## [Records]
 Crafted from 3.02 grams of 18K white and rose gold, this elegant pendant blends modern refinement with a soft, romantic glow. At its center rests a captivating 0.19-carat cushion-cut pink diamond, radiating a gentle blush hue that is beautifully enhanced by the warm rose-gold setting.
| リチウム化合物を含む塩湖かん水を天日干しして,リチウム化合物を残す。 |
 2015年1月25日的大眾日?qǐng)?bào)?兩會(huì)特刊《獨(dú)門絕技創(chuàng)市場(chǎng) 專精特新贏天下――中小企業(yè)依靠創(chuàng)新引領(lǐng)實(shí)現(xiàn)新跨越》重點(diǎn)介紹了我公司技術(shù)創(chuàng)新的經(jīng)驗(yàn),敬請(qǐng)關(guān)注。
---
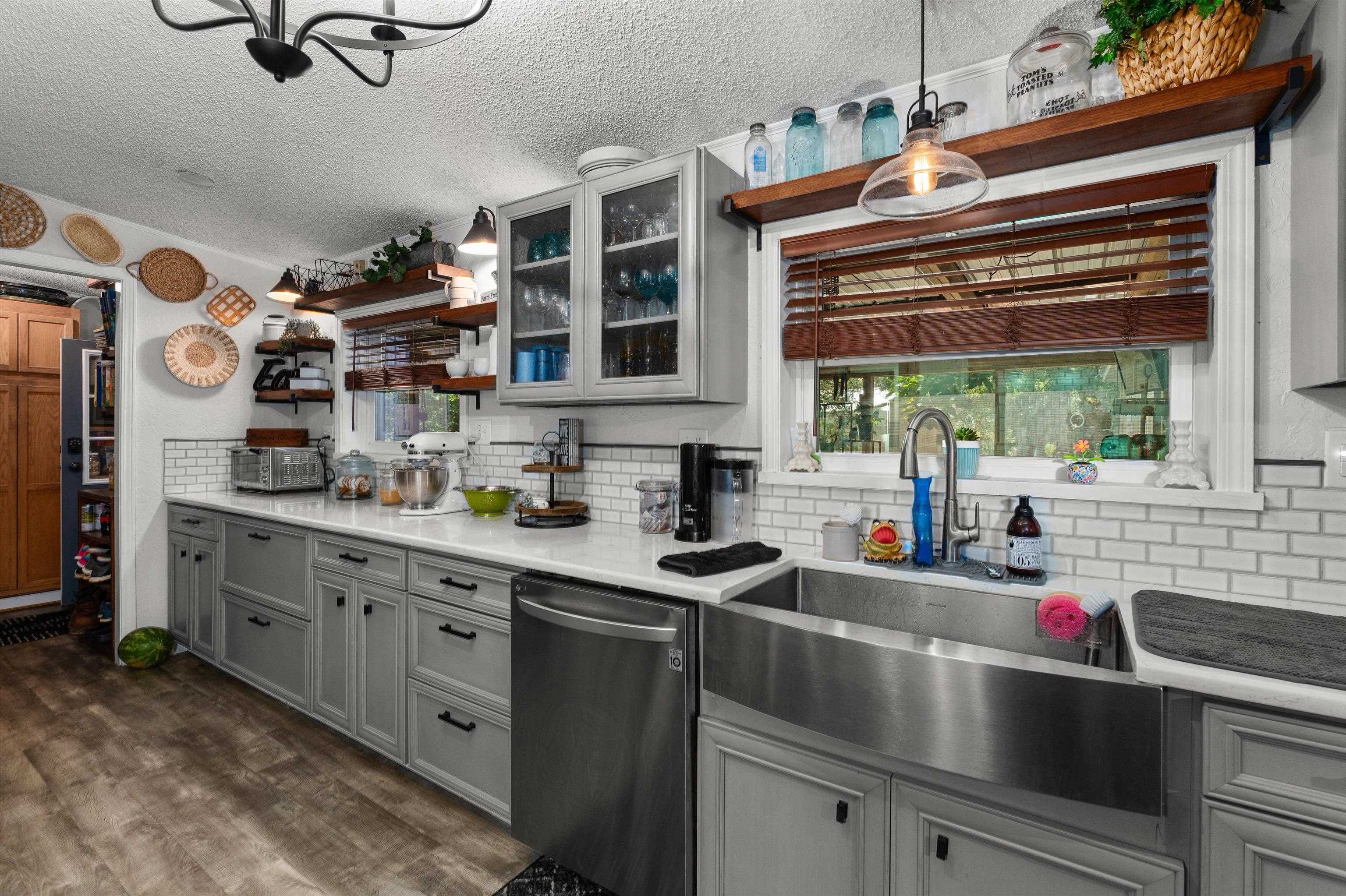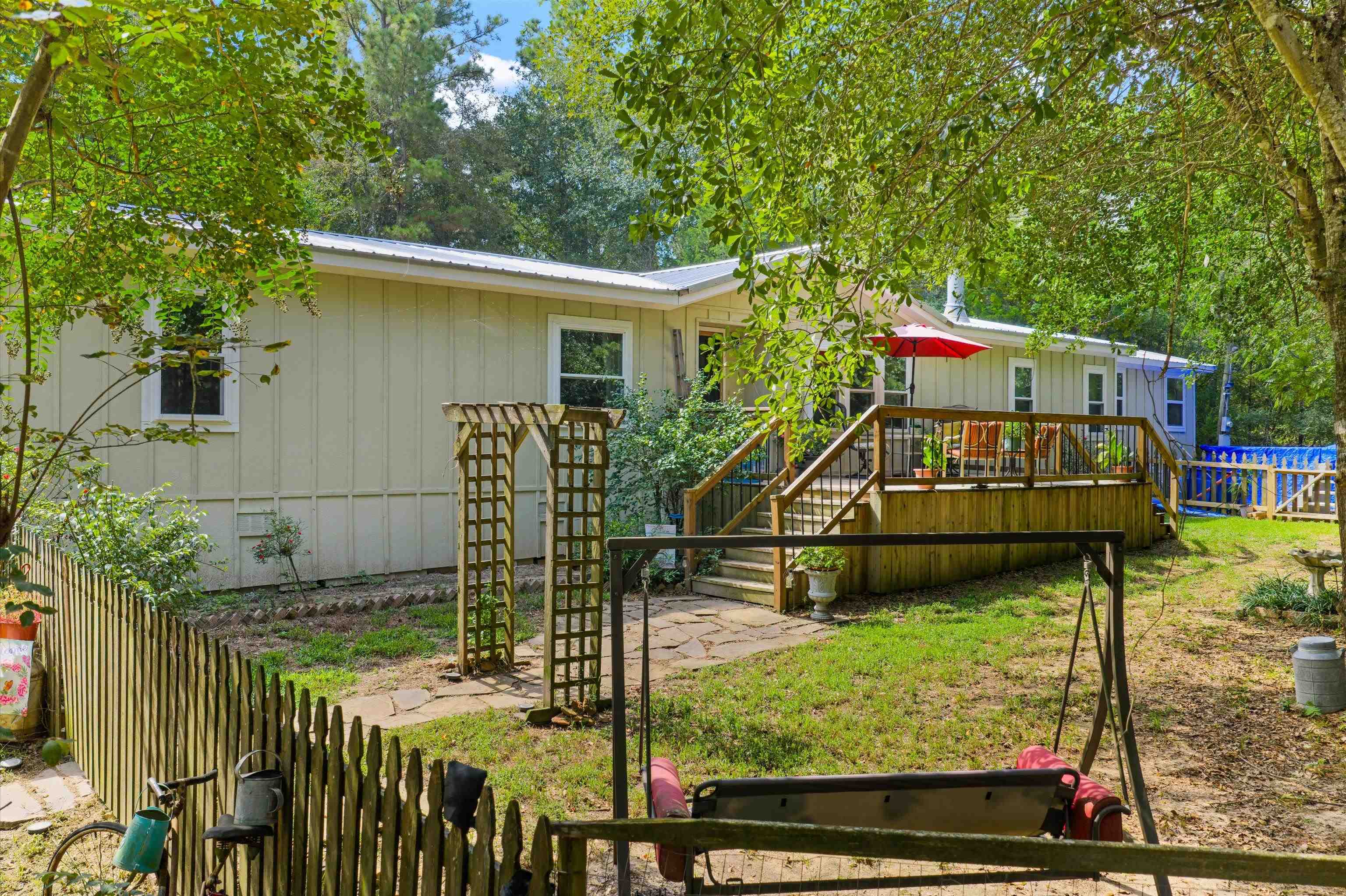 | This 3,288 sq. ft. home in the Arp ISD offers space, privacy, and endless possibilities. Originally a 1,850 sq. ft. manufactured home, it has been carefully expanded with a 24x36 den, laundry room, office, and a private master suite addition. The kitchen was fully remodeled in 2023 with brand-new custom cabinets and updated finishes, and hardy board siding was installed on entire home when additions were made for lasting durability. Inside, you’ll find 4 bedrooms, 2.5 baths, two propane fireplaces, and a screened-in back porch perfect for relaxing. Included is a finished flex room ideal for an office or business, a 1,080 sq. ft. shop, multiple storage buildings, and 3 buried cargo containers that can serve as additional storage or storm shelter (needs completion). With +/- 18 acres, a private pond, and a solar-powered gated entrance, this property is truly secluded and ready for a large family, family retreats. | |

## [What is required]
Give back, exactly as written, the stretch from the line with "Crafted from 3.02" through the line with "2015年1月25日的大眾日", and no other lines from the records above.

## [Result]
 Crafted from 3.02 grams of 18K white and rose gold, this elegant pendant blends modern refinement with a soft, romantic glow. At its center rests a captivating 0.19-carat cushion-cut pink diamond, radiating a gentle blush hue that is beautifully enhanced by the warm rose-gold setting.
| リチウム化合物を含む塩湖かん水を天日干しして,リチウム化合物を残す。 |
 2015年1月25日的大眾日?qǐng)?bào)?兩會(huì)特刊《獨(dú)門絕技創(chuàng)市場(chǎng) 專精特新贏天下――中小企業(yè)依靠創(chuàng)新引領(lǐng)實(shí)現(xiàn)新跨越》重點(diǎn)介紹了我公司技術(shù)創(chuàng)新的經(jīng)驗(yàn),敬請(qǐng)關(guān)注。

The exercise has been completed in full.